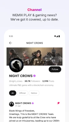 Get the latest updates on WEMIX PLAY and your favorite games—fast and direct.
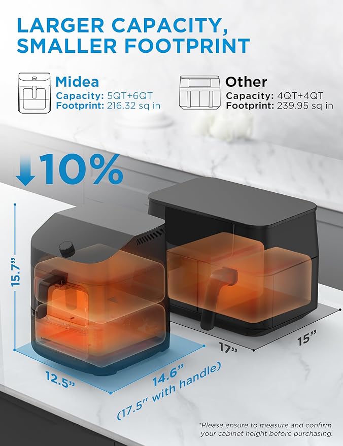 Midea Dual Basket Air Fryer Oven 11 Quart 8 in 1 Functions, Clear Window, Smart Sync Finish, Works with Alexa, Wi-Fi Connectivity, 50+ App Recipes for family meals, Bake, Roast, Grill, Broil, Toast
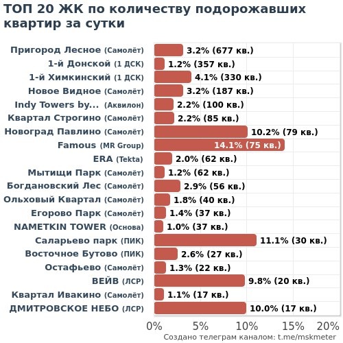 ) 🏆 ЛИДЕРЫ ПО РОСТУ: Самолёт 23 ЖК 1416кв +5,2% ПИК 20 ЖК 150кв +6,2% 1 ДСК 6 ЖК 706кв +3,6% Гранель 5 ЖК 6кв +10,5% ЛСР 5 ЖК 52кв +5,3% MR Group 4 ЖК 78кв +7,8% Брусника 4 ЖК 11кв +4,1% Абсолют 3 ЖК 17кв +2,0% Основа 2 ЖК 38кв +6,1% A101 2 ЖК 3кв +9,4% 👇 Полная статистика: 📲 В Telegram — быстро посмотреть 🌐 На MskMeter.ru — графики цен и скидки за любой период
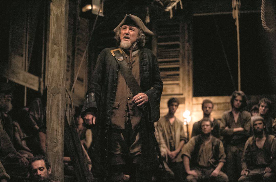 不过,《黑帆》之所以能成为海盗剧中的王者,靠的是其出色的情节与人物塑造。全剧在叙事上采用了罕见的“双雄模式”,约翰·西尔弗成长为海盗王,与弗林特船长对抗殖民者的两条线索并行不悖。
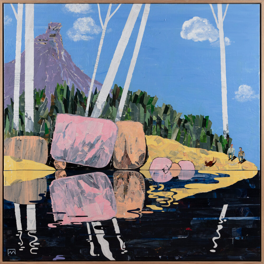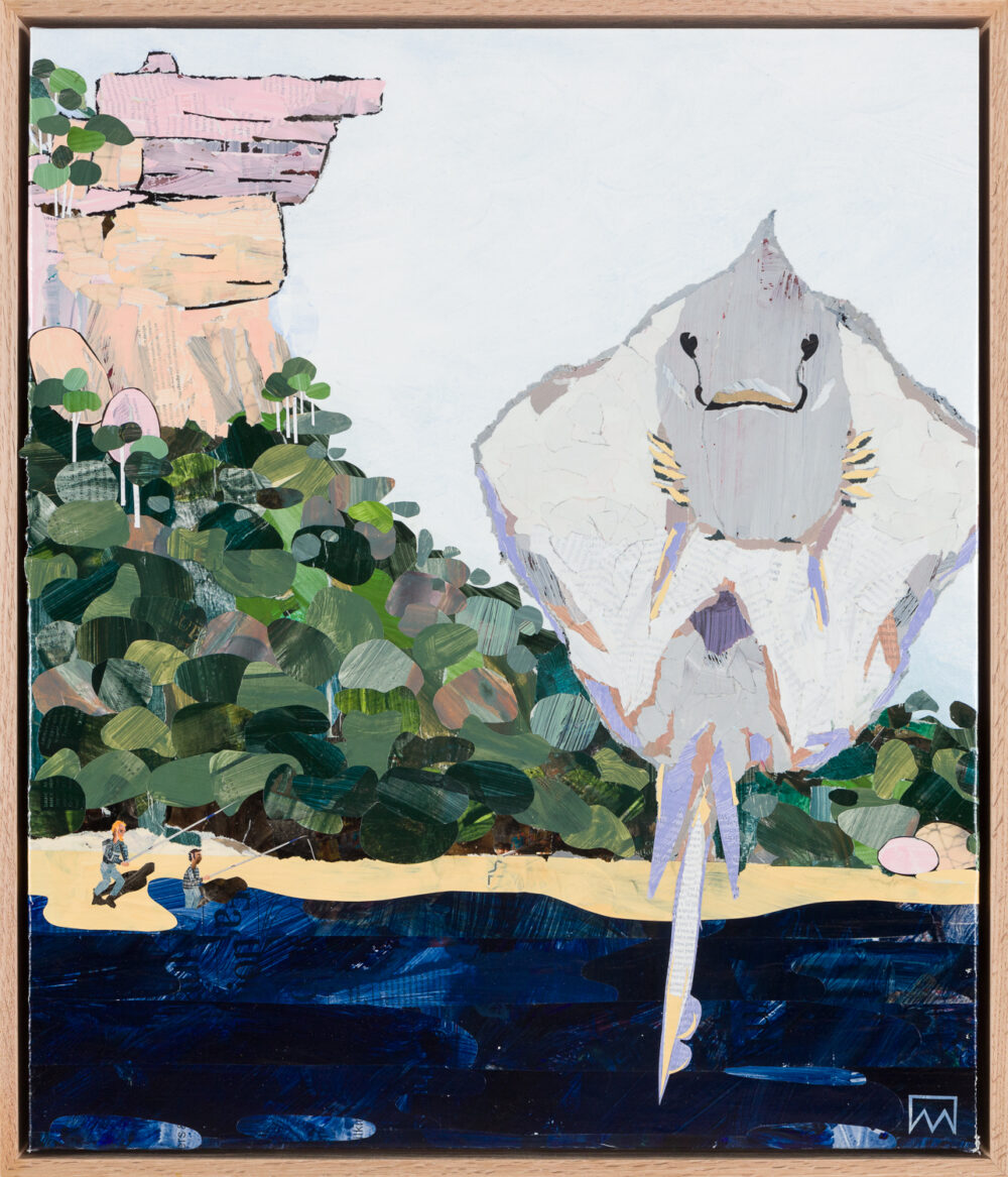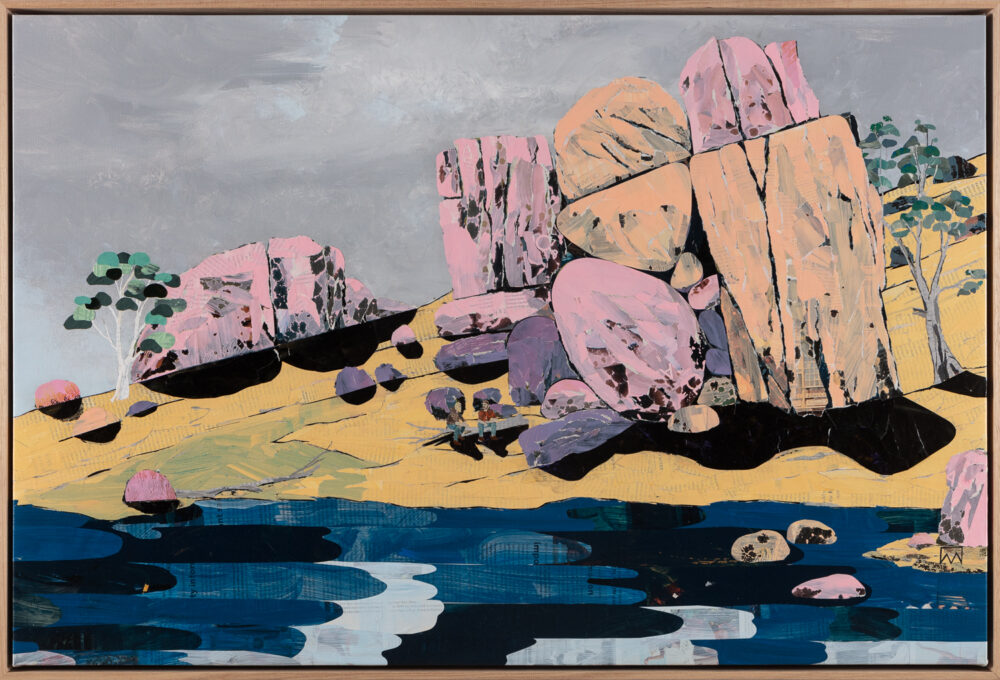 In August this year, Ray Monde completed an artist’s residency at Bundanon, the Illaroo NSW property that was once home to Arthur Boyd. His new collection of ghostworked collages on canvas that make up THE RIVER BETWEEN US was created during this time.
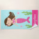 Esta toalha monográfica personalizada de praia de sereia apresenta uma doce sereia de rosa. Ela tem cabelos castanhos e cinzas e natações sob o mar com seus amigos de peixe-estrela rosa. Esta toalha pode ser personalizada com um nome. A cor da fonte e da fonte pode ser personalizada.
*****
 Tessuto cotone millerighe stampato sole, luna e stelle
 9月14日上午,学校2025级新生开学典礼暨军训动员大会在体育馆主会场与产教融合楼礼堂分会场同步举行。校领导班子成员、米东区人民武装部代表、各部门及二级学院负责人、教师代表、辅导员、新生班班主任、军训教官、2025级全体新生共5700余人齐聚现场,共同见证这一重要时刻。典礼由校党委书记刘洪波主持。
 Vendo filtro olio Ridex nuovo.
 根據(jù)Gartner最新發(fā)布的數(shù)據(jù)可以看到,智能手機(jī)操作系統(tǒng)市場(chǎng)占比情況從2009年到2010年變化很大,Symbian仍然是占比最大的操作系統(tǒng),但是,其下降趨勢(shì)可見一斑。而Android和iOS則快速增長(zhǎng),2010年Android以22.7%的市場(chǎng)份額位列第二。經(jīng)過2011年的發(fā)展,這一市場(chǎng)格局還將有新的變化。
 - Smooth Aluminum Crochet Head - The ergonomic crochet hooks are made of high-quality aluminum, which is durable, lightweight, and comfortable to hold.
*****
TASK OBJECTIVE
Although the records above contain pictures, the copy must not; set down exactly the lines from the one with "Get the latest" up to and including the one with "In August this".

ANSWER SPACE
 Get the latest updates on WEMIX PLAY and your favorite games—fast and direct.
 Midea Dual Basket Air Fryer Oven 11 Quart 8 in 1 Functions, Clear Window, Smart Sync Finish, Works with Alexa, Wi-Fi Connectivity, 50+ App Recipes for family meals, Bake, Roast, Grill, Broil, Toast
 ) 🏆 ЛИДЕРЫ ПО РОСТУ: Самолёт 23 ЖК 1416кв +5,2% ПИК 20 ЖК 150кв +6,2% 1 ДСК 6 ЖК 706кв +3,6% Гранель 5 ЖК 6кв +10,5% ЛСР 5 ЖК 52кв +5,3% MR Group 4 ЖК 78кв +7,8% Брусника 4 ЖК 11кв +4,1% Абсолют 3 ЖК 17кв +2,0% Основа 2 ЖК 38кв +6,1% A101 2 ЖК 3кв +9,4% 👇 Полная статистика: 📲 В Telegram — быстро посмотреть 🌐 На MskMeter.ru — графики цен и скидки за любой период
 不过,《黑帆》之所以能成为海盗剧中的王者,靠的是其出色的情节与人物塑造。全剧在叙事上采用了罕见的“双雄模式”,约翰·西尔弗成长为海盗王,与弗林特船长对抗殖民者的两条线索并行不悖。
 In August this year, Ray Monde completed an artist’s residency at Bundanon, the Illaroo NSW property that was once home to Arthur Boyd. His new collection of ghostworked collages on canvas that make up THE RIVER BETWEEN US was created during this time.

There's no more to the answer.